Stanley's crinkled expression of disgust was the last thing Lena saw before she was blinded by an onslaught of yellow liquid. The drops trailed down her face, pooling into what had once been a white shirt. She squinted against the burning in her eyes, and when Stanley's face swam back into view, he had a single eyebrow quirked, the wrinkles of his face pinched together in accusation.
"Are you trying to poison me?" he demanded.
"It's moonjuice, Stanley." Lena struggled to keep the exasperation from her voice as she swiped the spit from her cheeks. "Exactly what you asked for."
The eyebrow remained. "Just moonjuice?"
Lena sighed, wrung the beverage out of her shirt, and schooled her expression into one of indifference. Letting Stanley see her frustration would only encourage him. Not that it mattered now. The drowsy energy of the dayroom was already sharpening with the surrounding curiosity as heads turned to witness the spectacle. And there were few things Stanley liked more than an audience. "I already told you I'm not adding five sugar packets to moonjuice that's already sweetened. Your blood sugar—"
He lifted his chin. "I'm not drinking that watered-down peasant nonsense."
"Fine!" Lena threw her hands up. "Then you can have water."
Stanley didn't seem to hear her. He just turned away and let his chair drift towards the hall. The other residents were lounged in their reclining hoverchairs around the perimeter of the dayroom. They looked Lena up and down as she followed Stanley, tsking and shaking their heads. Ms. Rosaline sat in the back corner knitting something affrontingly pink. She sighed as Stanley passed, watching him with her head tilted to one side. Maxine stood behind her chair, a hip popped out as she leaned against the wall and scrolled through the holochip at her wrist. She smirked as Lena passed.
"Haven't you learned?" Maxine tossed her a towel. "I figured you'd be wearing an apron by now. Maybe a poncho?"
Easy for her to say—her assigned resident was the most docile of the bunch.
Lena dabbed the towel against her neck and hurried after Stanley, shooting her best friend a quick wave over her shoulder.
"Would you slow down?" Lena called. They must have just cleaned the halls. The air reeked of chemicals, the sharp tang burning her nostrils as she jogged after Stanley.
"If you can't keep up with a little old man in a wheelchair, that's your problem, not mine." He was halfway down the hall now, fingers furiously jabbing the increase speed button.
Most people saw Stanley and thought he looked sweet, assuming some Earthly condition or simple old age had put him in that chair. What they didn't know was Stanley was kind of a badass. He was totally rude and inappropriate and seemed to find the most joy in making Lena's job as difficult as possible, but even that hadn't been enough to keep Lena's grudging respect for him at bay.
He actually ended up in that chair long before Station 2's days. Once upon a time, he was in the Earthern Emperor's military, fighting and conquering and shit. Well, before things got so bad that people starting fleeing to space—the first wave of settlers. Stanley was one of them—not that he liked to talk about it. He had all kinds of crazy stories from the ground, which he loved to share after he'd had a couple of beers. At least half of them were definitely fake, but anything to do with space or why he left Earth he was determinedly tight-lipped about.

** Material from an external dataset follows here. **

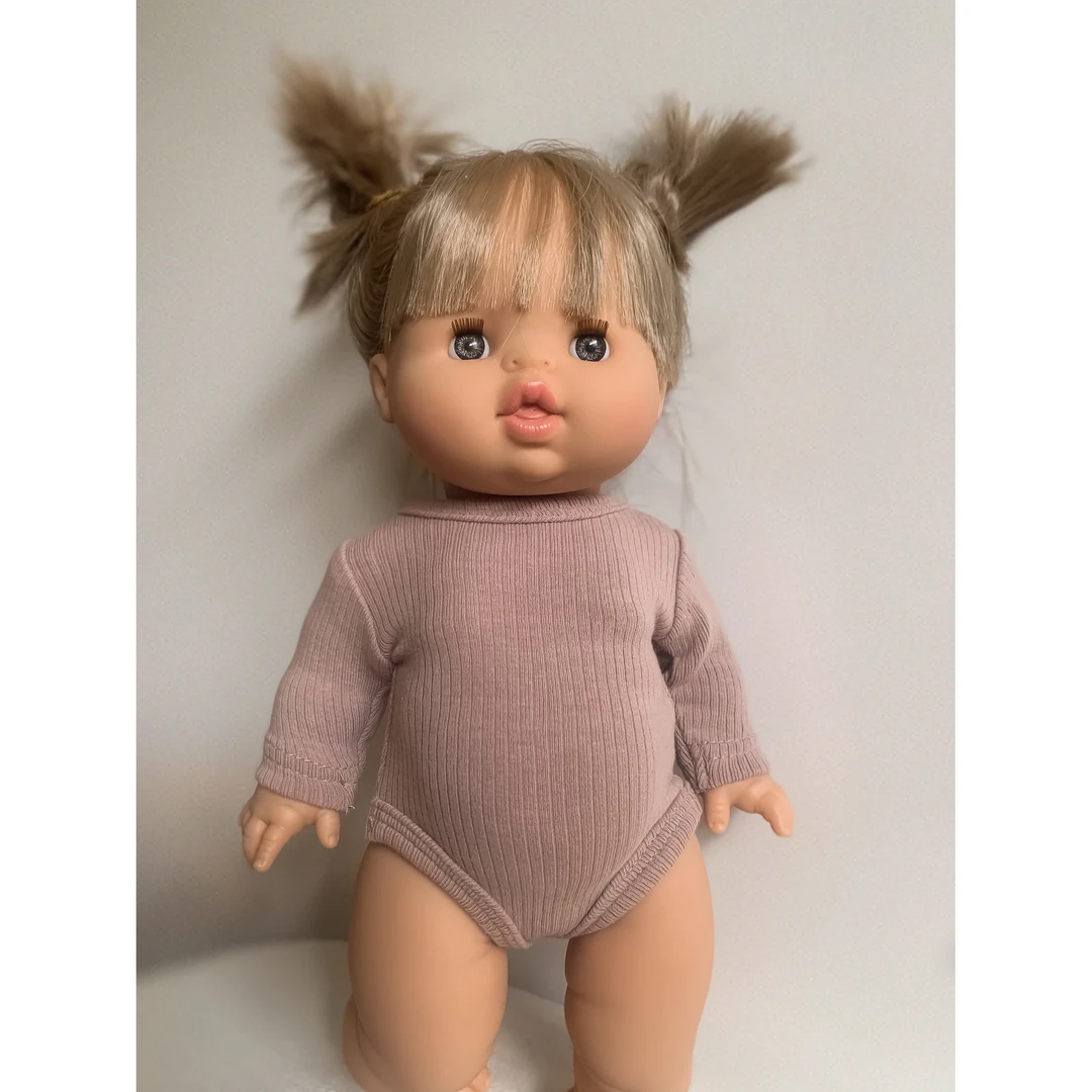 Dolls + Plushies Beige Tank Ribbed + Button Romper Minikane Clothing

That, and exactly what put him in that chair. And it wasn't from lack of asking.
Lena's boots squeaked against the floor, and she had to steady a hand against the wall at a particularly slick spot, leaving an obvious handprint on the metal's gleaming surface.
YOU ARE READING
Project Z
Science FictionLena Anders has no interest in going to Earth. With an acceptance letter to The University of South Mars pending, a "friends with benefits" who might actually be something more, and a recent assassination of Earth's emperor - yeah, she'd much rather...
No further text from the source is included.